[Data entries]
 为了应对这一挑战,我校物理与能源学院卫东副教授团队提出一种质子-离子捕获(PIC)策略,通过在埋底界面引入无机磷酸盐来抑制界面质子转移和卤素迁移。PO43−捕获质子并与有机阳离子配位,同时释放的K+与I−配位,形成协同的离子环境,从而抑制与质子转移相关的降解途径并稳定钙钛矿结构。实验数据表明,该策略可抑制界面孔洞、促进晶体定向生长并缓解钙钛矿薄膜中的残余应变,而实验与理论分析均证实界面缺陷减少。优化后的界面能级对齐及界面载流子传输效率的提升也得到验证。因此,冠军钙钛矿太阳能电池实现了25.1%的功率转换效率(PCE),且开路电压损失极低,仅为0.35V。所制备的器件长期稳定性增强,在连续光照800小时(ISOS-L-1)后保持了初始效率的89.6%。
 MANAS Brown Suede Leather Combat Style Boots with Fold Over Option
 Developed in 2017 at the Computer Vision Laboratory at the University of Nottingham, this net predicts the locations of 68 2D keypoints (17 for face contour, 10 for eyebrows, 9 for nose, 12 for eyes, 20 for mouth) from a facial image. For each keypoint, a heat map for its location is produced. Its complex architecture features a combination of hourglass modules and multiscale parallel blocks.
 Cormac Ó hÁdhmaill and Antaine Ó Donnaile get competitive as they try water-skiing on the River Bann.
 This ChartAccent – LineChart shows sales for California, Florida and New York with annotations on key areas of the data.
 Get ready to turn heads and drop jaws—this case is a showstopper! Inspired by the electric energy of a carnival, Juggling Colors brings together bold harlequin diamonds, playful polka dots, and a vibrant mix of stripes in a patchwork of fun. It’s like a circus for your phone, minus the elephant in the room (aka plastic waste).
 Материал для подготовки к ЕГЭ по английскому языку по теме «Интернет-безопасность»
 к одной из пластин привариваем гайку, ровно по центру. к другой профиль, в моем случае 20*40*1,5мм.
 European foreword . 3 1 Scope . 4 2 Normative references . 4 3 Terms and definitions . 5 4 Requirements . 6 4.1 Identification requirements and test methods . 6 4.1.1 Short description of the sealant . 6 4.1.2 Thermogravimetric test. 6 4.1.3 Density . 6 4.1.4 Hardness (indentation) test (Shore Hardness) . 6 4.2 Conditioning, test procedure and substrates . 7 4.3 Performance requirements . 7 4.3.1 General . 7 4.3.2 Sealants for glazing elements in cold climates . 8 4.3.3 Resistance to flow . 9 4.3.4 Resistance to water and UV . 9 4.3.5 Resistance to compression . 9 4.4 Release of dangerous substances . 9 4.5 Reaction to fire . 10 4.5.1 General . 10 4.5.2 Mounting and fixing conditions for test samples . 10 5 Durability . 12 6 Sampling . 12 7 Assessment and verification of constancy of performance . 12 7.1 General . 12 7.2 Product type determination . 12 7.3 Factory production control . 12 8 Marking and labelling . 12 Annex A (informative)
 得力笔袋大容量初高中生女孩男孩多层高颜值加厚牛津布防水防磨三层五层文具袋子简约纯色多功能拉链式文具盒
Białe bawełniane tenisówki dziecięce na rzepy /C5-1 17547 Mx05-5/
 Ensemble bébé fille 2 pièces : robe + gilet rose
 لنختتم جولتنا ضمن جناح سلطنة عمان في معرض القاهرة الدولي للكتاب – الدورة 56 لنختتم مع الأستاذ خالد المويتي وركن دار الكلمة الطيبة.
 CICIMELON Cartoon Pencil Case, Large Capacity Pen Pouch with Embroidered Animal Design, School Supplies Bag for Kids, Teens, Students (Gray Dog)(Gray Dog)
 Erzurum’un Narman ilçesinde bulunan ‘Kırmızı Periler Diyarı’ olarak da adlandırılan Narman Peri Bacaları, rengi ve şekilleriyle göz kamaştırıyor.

Work to complete:
Please return the span of lines above that opens with the one containing "CICIMELON Cartoon Pencil" and closes with the final line, both included, exactly as written and nothing more.

Answer section:
 CICIMELON Cartoon Pencil Case, Large Capacity Pen Pouch with Embroidered Animal Design, School Supplies Bag for Kids, Teens, Students (Gray Dog)(Gray Dog)
 Erzurum’un Narman ilçesinde bulunan ‘Kırmızı Periler Diyarı’ olarak da adlandırılan Narman Peri Bacaları, rengi ve şekilleriyle göz kamaştırıyor.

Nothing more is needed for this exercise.